Днем танк, следовавший самостоятельно, остановился в центре Серпухова. Надо было отдохнуть, перекусить, а главное — привести себя в порядок, в столицу ведь направлялись! Всем экипажем: Лавриненко, Федотов, Борзых и Бедный — двинулись в парикмахерскую. Только устроились, блаженствуя, в креслах, прибежал запыхавшийся красноармеец: танкистов срочно в комендатуру! А там незнакомый пожилой комбриг объяснил: со стороны Малоярославца к Серпухову подходит немецкая колонна. До батальона пехоты с противотанковыми орудиями, с мотоциклистами. Фашисты близко, а наша пехота только что поднята по тревоге, да и мало ее, и артиллерии нет… Просьба к танкистам: задержать колонну, дать время для организации обороны.
Задача, разумеется, не из простых. Подумать требовалось, как немца остановить и самим уцелеть. А думать пришлось уже в пути, в грохочущем танке. Если на что и мог рассчитывать Лавриненко, так это на внезапность. Устроить в удобном месте засаду, катуковскую засаду, как это бывало под Мценском.

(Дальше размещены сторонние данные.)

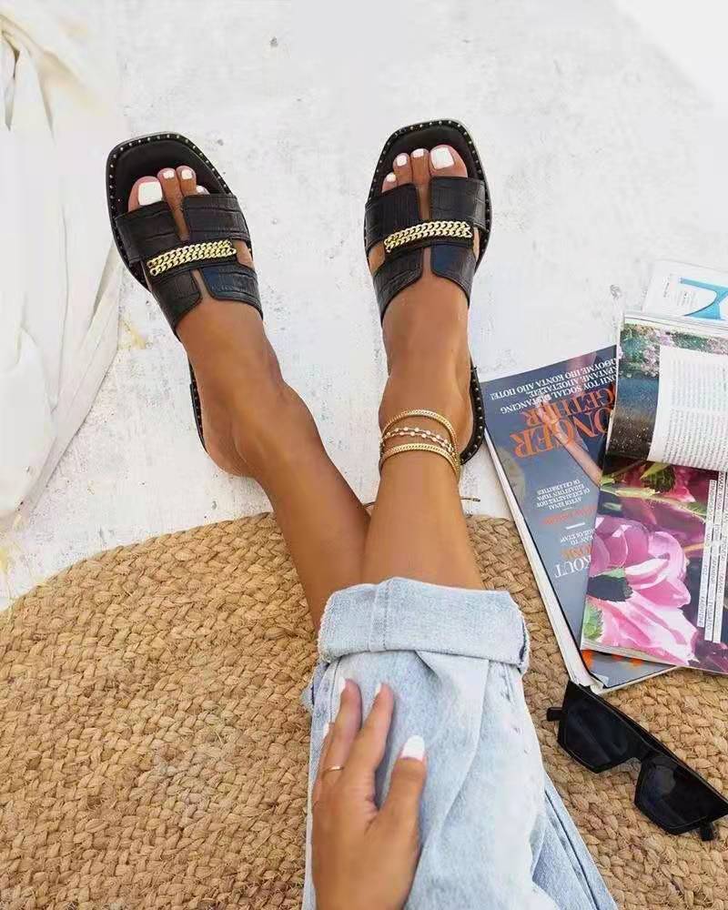 Beach Casual Flat Heel Chain One-line Women's Sandals
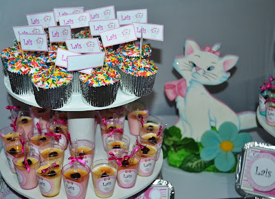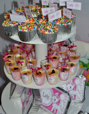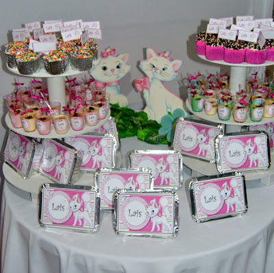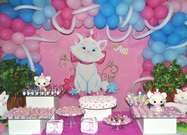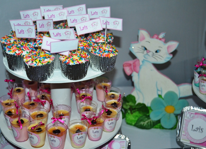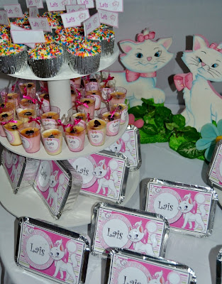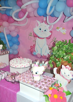 Vejam que fofas as artes que nossa leitora Kelen Rossoni fez para o aniversario de sua filha Lais com o tema Marie. Ela alugou somente o painel com a pintura da gatinha e o restante ela fez sozinha, que capricho!

Удобную позицию лейтенант нашел возле деревни Высокиничи в роще, откуда хорошо просматривалось шоссе. Танкисты быстро замаскировались. Вражеские разведчики на мотоциклах проскочили мимо. А вот и колонна. Впереди опять же мотоциклисты, потом батарея противотанковых орудий, штабные машины и ряды растянувшейся на марше пехоты. Впервые увидишь такое — дрогнешь. Но Лавриненко и его товарищи не новички.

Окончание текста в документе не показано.